THIRD AMENDMENT TO FUND PARTICIPATION AGREEMENT
Great-West Life & Annuity Insurance Company ("GWL&A"), on its behalf
and on behalf of its separate accounts ("Accounts"), Dreyfus Stock Index Fund,
Inc. (formerly known as Dreyfus Life and Annuity Index Fund, Inc., d/b/a Dreyfus
Stock Index Fund) and Dreyfus Variable Investment Fund (the "Funds") hereby
agree to amend the Fund Participation Agreement entered into as of the 31st day
of December 1998, as amended March 15,1999 and January 1, 2002 (the
"Agreement.")
WHEREAS, GWL&A and the Funds entered into the Agreement to allow GWL&A
to purchase shares of the Funds on behalf of the Accounts, to fund certain
registered variable life and annuity contracts,
WHEREAS, GWL&A and the Funds wish to amend the Agreement to add
additional Accounts, and to allow additional affiliated Dreyfus insurance
product funds to be available to the Accounts,
NOW THEREFORE, the Agreement is hereby amended as follows:
1. If the Agreement conflicts with any provision of this Amendment, this
Amendment shall control.
2. All provisions of the Agreement not addressed by this Amendment shall
remain in full force and effect.
3. Schedule A of the Agreement is hereby deleted in its entirety, and
replaced with the amended Schedule A, attached hereto, and
incorporated herein.

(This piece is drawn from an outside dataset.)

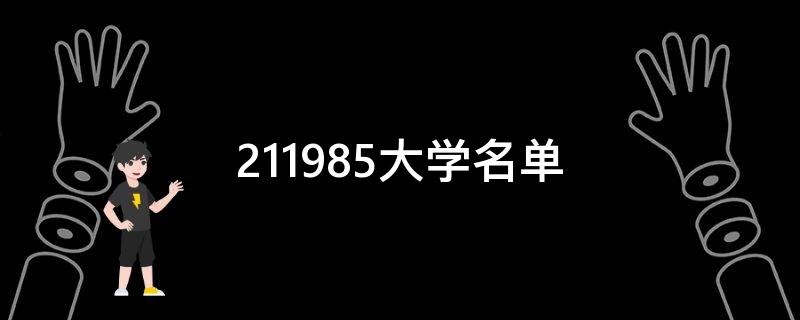 985工程院校:清华大学、北京大学、中国人民大学、北京航空航天大学、北京理工大学、北京师范大学、中国农业大学、中央民族大学、复旦大学、上海交通大学、同济大学、华东师范大学、南开大学、天津大学、南京大学、东南大学、浙江大学、中国科学技术大学、哈尔滨工业大学、吉林大学、大连理工大学、东北大学、山东大学、中国海洋大学、华中科技大学、武汉大学、中南大学、湖南大学、国防科学技术大学、厦门大学、中山大学、华南理工大学、四川大学、电子科技大学、重庆大学、西安交通大学、西北工业大学、西北农林科技大学、兰州大学。

The third and fourth lines of the recital
paragraph are hereby modified as follows:
"on its own behalf, and on behalf of the separate accounts listed on
Schedule A attached hereto, and incorporated herein by reference
(collectively, the "Accounts");"
4. The recital paragraph is hereby modified by adding Dreyfus Investment
Portfolios and The Dreyfus Socially Responsible Growth Fund, Inc. as
parties to the Agreement.
5. The Funds, Dreyfus Investment Portfolios, and The Dreyfus Socially
Responsible Growth Fund, Inc. will collectively be referred to as the
"Fund" throughout the Agreement.
6. The third WHEREAS clause of the Agreement is hereby amended to make
reference to the orders from the SEC obtained by Dreyfus Investment
Portfolios and The Dreyfus Socially Responsible Growth Fund, Inc.

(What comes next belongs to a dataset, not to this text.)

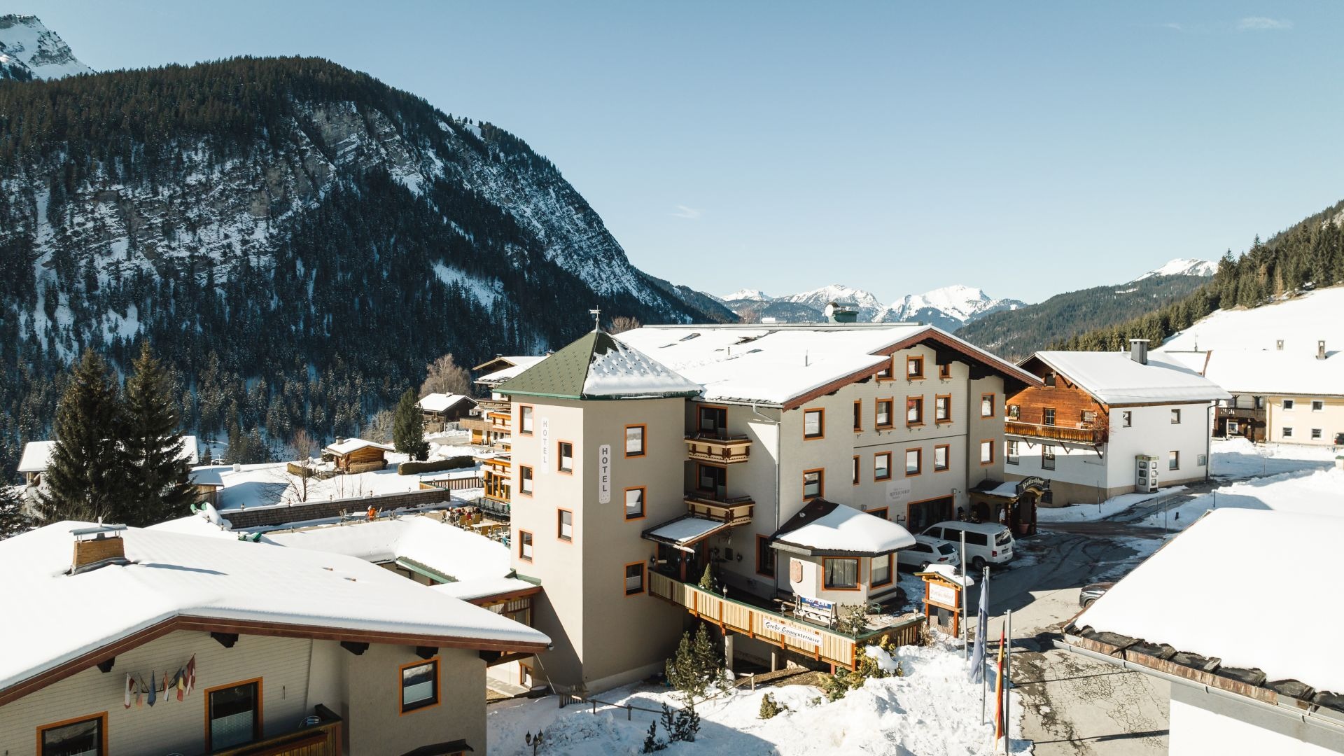 Das Vier-Sterne-Hotel ist in der Tiroler Gemeinde Berwang anzutreffen, das einen großen Parkplatz zur Verfügung stellt. Die Zufahrtsstraße ist leicht passierbar und knüpft an den hiesigen Rad- und Wanderweg an.

dated February 5, 1998 (File No. 812-10604), which will be
collectively referred to with the similar orders referred to in that
clause obtained by the Funds as the "Mixed and Shared Funding
Exemptive Order."
7. The fifth WHEREAS clause of the Agreement is hereby deleted and
replaced by the following:
"WHEREAS, GWL&A has registered certain variable annuity contracts
supported wholly or partially by each of the Accounts (the
"Contracts") under the 1933 Act, and said Contracts and Accounts are
listed in Schedule A attached hereto, and incorporated herein by
reference, as such Schedule may be amended from time to time my mutual
written agreement (or has not registered said Contracts because they
are properly exempt from registration under Section 3(a)(2) of the
1933 Act, or will be offered exclusively in transactions that are
properly exempt from registration under Section 4(a)(2) of Regulation
D of the 1940 Act, in which case, the Company will make every effort
to maintain such exemption, and will notify the Fund immediately upon
having a reasonable basis for believing that such exemption no longer
applies, or might not apply in the future); and"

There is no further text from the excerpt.